2.2. Verification of Prony Series Transformation Equation. To verify the correctness of the derived results of the Prony series of the modified Burgers model, this study establishes the ANSYS finite element model, as shown in Figure 2. The SOLID185 element with the size being 1 mm * 1 mm * 1 mm is used, and there is totally 1 element with 8 nodes. The material properties are taken from the properties of the Modified Burgers model in Table 1. The boundary conditions are shown in Figure 2, and the uniform load of 0.7 MPa is applied to the top surface of the element.

The nodal strain data of the nodes obtained by the ANSYS simulation are transformed into the creep compliance and compared with the theoretical calculation results of the modified Burgers model, as demonstrated in Table 2. It can be found that the finite element simulation results are consistent with the theoretical calculation results, and the relative error is less than 0.70%. So the simulation results show that the Prony series results are reliable. By employing this method, the material parameters of the viscoelastic material can be accurately entered to the finite element software. However, the numerical simulation unit force is uniform, which has difference with the actual creep penetration experiments.

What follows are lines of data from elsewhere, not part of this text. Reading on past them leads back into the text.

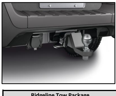
Ridgeline Tow Package 5 235.60 $0.98 /wk * (2.99%)
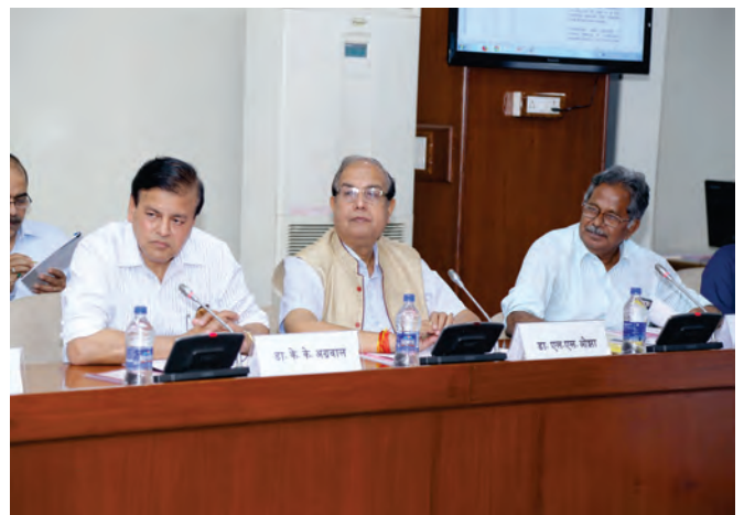
Snapshots of the Meeting in Progress
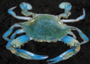
M1. Blue Crab (Seasonal)

Every Pound of Seafood Come with 1 Corn & 1 Potato
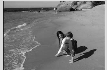
Aliso Beach, Near the Aliso Creek Inn in South Laguna

The Brain-Wise Therapy Conference with Bonnie Badenoch, Ph.D. and Theresa Kestly, Ph.D. will take place at the Daytona Beach Resort and Conference Center on May 6-7, 2010 and then again at the Aliso Creek Inn in Laguna Beach on November 18-19, 2010. At both hotels, we have reserved a block of rooms with special conference rates if reserved 30 days in advance. Call 505-898-1177, or log on to our website, www.sandtraytraining.com , and then click on either the Daytona Beach page or the Laguna Beach page for details, including conference location, fee, and room rates. The conference begins at 9:00 a.m. each day and finishes at 5:00 p.m. allowing plenty of time for walking on the beach and playing in the sand.
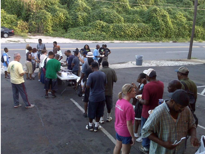
← Feeding on the street.
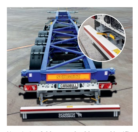
New design: fold-out underride guard for 45' containers is easier and safer to handle without loose parts that can get lost.
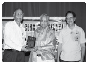
Elders Day memento recd
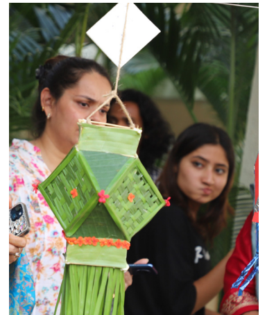
Lighting up the world
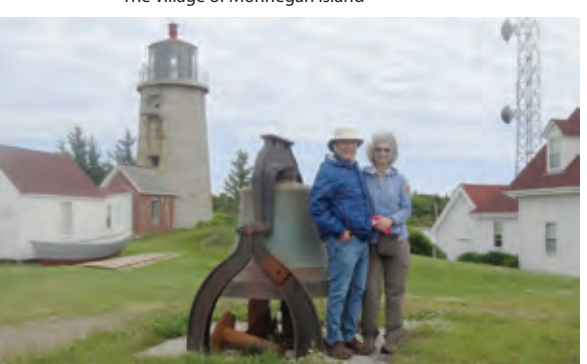
Highland Green residents enjoying Monhegan Island
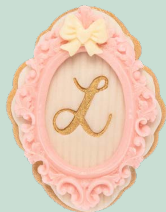
Decorated biscuit BSC031
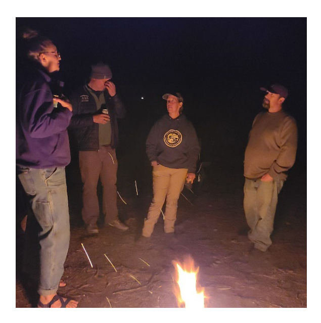
Fireside at Drews Creek Campground.

3. Penetration Experiments and Verification

3.1. Penetration Test Schemes of the Asphalt Mixture. To obtain the viscoelastic parameters of the practical gussasphalt mixture, the uniaxial penetration experiments, which had been practically proved effective to evaluate the shear resistance of the asphalt mixture by Sun [16], was conducted. The uniaxial penetration tests in this study are performed on rutting specimens (the gradation composition is shown in Table 3) with the dimension of 30 cm x 28 cm x 5 cm. To avoid size effection of the coarse aggregates, the dimension of the pressure head is chosen as 100 mm which is about 3 times larger than the largest coarse aggregate in the gussasphalt.

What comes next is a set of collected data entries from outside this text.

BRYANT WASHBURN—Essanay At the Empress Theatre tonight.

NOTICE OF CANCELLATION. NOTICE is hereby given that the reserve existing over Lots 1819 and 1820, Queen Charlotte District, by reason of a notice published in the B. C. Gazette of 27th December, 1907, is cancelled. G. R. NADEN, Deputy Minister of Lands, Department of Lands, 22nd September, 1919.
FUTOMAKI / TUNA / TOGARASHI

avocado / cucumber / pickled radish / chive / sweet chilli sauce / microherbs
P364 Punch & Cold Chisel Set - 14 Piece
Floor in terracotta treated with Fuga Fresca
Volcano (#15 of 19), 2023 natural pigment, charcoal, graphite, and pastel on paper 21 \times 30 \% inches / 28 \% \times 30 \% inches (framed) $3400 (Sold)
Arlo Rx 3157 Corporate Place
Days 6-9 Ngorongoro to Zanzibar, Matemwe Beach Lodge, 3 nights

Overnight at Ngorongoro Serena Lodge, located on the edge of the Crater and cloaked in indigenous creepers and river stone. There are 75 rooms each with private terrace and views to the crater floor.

In these experiments, an instantaneous load is applied on the center of the specimen and kept unchanged, during which the time-varying displacement of the pressure head was measured, which can be utilized to obtain the timely strain of the specimen. The only measurement in the experiment is the displacement of the pressure head. The constant pressure is controlled by the material test system and the exampling frequency is 30 Hz. The whole process of the uniaxial penetration creep experiment is simple and very easy to apply, which is an obvious advantage of the uniaxial penetration method.

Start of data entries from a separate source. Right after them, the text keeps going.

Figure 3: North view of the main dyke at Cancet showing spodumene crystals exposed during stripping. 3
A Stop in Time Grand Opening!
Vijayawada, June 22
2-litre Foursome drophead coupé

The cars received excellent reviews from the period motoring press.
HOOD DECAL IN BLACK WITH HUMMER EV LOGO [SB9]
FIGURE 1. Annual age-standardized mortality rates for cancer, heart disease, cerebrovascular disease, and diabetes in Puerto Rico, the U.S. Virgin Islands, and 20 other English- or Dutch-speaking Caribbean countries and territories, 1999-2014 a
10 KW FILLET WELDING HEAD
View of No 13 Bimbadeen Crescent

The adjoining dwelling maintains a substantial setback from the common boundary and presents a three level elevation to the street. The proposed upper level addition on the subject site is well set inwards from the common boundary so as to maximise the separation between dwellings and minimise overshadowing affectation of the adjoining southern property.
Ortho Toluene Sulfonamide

WANCE material test system is employed in the tests, equipped with the pressure head to apply a constant pressure of 0.7 MPa for 3600 seconds at constant temperatures of 40[degrees]C, 50[degrees]C, and 60[degrees]C, respectively. To keep the specimens working in constant temperatures, a water tank controlled by a constant temperature bath is applied, shown in Figure 3(a). Figure 3(a) also shows the whole configuration of the penetration experiments and Figure 3(b) presents a specimen after the experiment.

3.2. Procedure to Obtain Viscoelastic Parameters via Experimental Data and Finite Element Method. To fit the compliance curve of the gussasphalt, the stress as well as the strain should be known. In the finite element simulation mentioned above, the stress of the specimen is assumed to be uniform and known. However, in the actual experiments, the stress status of the gussasphalt is unknown. Thus, after obtaining the measured data from the experiments, to find the proper viscoelastic parameters of the gussasphalt mixtures, three steps are essential in this paper.

Firstly, we assume that the vertical stress in the asphalt mixture is constant and equals the pressure applied by the head, which is 0.7 MPa. Based on the assumption, the creep compliance curve is fitted by utilizing the modified Burgers model, and each parameter in the model can be calculated by using Matlab via (12) and (13). The initial fitting results and the Prony series are listed in Table 4 by assuming Poisson's ratio of the mixture 0.25, which are regarded as the initial parameters.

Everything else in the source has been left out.